I thought I should act according to the rules of what I now know is toxic masculinity. But I was really bad at it. And when I tried to act that way, I'd become monstrous. 

I broke that cycle of thought maybe only three or four years ago. Some never do. Some blame the women who reject them for their own loneliness, and become more resentful and enraged. Some think that a woman choosing who she wants to be with, or even just speaking her mind, is an act of aggression toward men and themselves. 
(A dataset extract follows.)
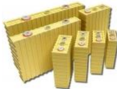
Rys. 5. Ogniwa litowo-żelazowo-fosforanowe [1]

Ogniwa litowo-żelazowo-fosforanowe (rys. 5) są obecnie coraz częściej stosowane zarówno w przemyśle motoryzacyjnym, jak i przemyśle ciężkim.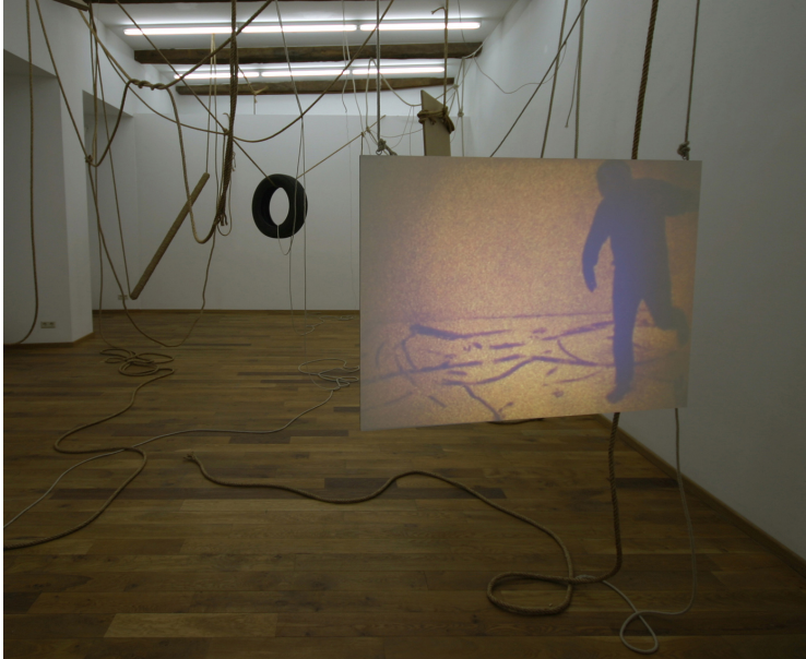
To fall in height Exhibition View Nosbaum Reding, Luxembourg, 2010

The worst of these men are Elliot Rodger and Marc Lépine. But the same tendency is in so many men who remain twisted by toxic cultures of violent, aggressive, possessive masculinity. Masculinities of control and authority, that see being in authority as freedom.

I could very easily have been one of those people. That’s what haunts me about the modern phenomenon of men hating women. Because when I think about a young woman like Rehtaeh, I don’t just think about the tragedy, the horror, and the cruelty.

I think about how – if my reaction to a few situations leaned just a little bit more one way than the other – I could have become just like her tormentors. Someone who thought she deserved it.

That potential for evil is in me. It’s in many, if not all, of us. And it haunts me to my core.